The interim “tie-breaker logic” partly addresses that issue, he said. But a more complete reckoning will come as part of the PJM task force’s work on a longer-term solution, he said -- “They will have to ensure that the full value of these flexible resources will be represented in the markets.”  

Moving away from single markets and single applications

It’s important to remember that PJM’s frequency regulation market has already started to approach its limits for new energy storage entrants. After all, the grid operator only needs so much regulation to accomplish its goals, whether from batteries or other resources -- and it’s getting close to reaching a saturation point.

That’s why GTM Research had already projected a slowdown in utility-scale storage projects starting in 2016. Chief energy storage analyst Ravi Manghani noted, “The rule changes in October 2015 put the slowdown on a fast track,” but didn’t change the overall trend.

That’s a predictable outcome, and for AES, it’s been part of how it has approached the PJM markets for some time,  Kumaraswamy said. “You’re constantly calibrating yourself with market conditions as you see them,” he said. “When you hit the point where you satisfy the demand, the saturation phase begins.”

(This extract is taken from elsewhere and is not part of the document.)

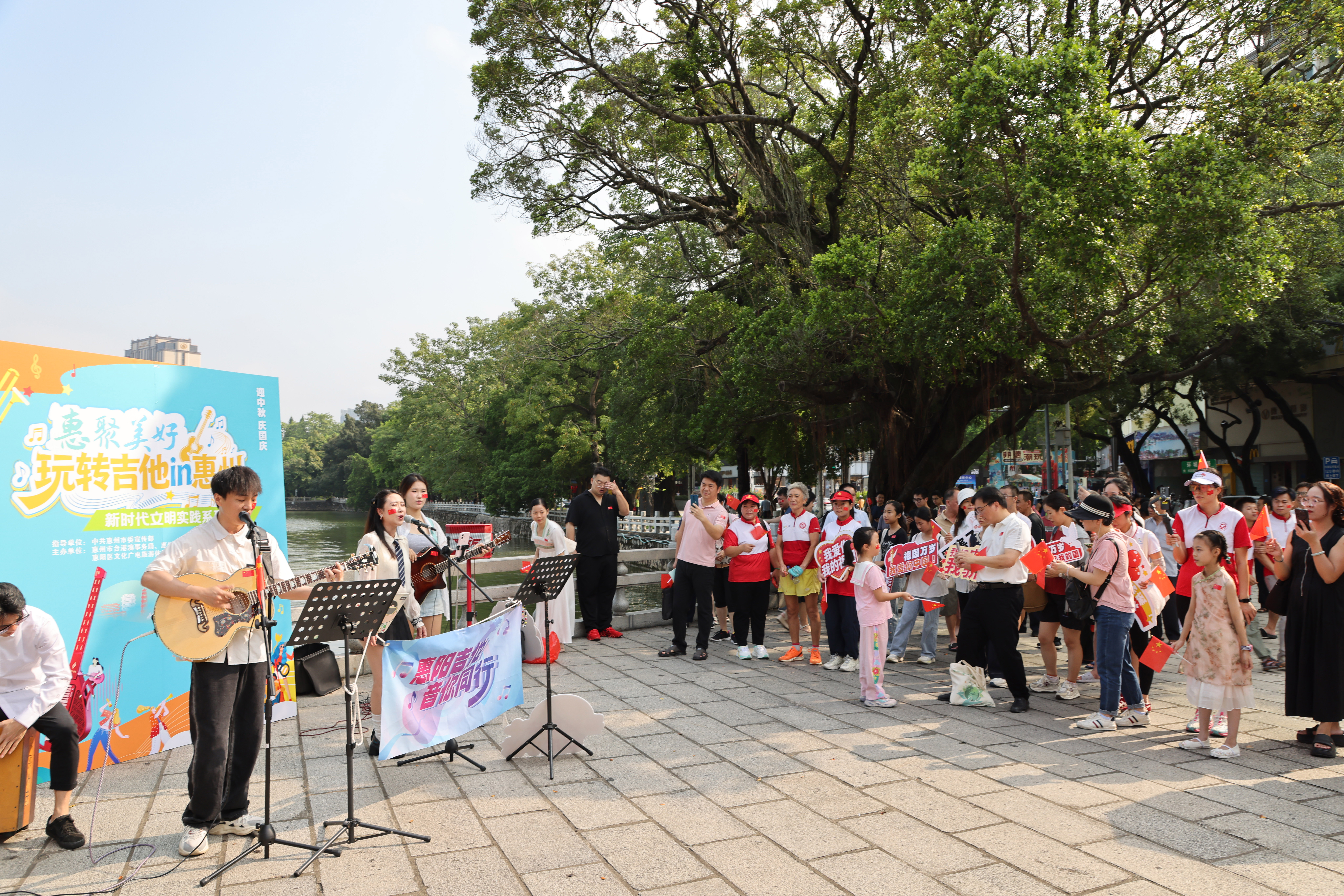這是“惠聚美好”新時(shí)代文明實(shí)踐活動(dòng)——“玩轉(zhuǎn)吉他in惠州”國慶吉他快閃系列活動(dòng)首場(chǎng)活動(dòng),吸引眾多市民游客參與,點(diǎn)燃國慶歡樂熱潮。

“That’s where you start thinking about other high-value services that energy storage can provide,” he said. In PJM specifically, there are emerging “opportunities to participate in the PJM capacity market and serve the capacity needs of the system.”

The same dynamic is likely to play out in other parts of the country. Grid operators only need resources that add up to about 1 percent of their peak loads to meet their frequency regulation needs -- although this figure, like many other grid metrics, may start to grow as more intermittent wind and solar power resources come on-line.

As PJM’s frequency regulation opportunities are waning, however, new opportunities are opening up for energy storage elsewhere. “We're already heading into a market that is larger,” GTM Research Senior VP Shayle Kann said in a presentation at last month’s Energy Storage Summit in San Francisco. “What's changing about that market is that it's shifting from a frequency regulation market, PJM, which means fast-acting [and] low-duration, to a market that is largely dominated by California, where the value proposition is more around capacity value.”

The changes in PJM also highlight an important trend in the energy storage field: a shift from single-purpose projects to those that can tackle multiple propositions. “I think the time of standalone, one-application storage is on the ebb,” DNV’s Lahiri said. “What I think will happen is that more and more storage will be equipped to manage more and more complicated applications.”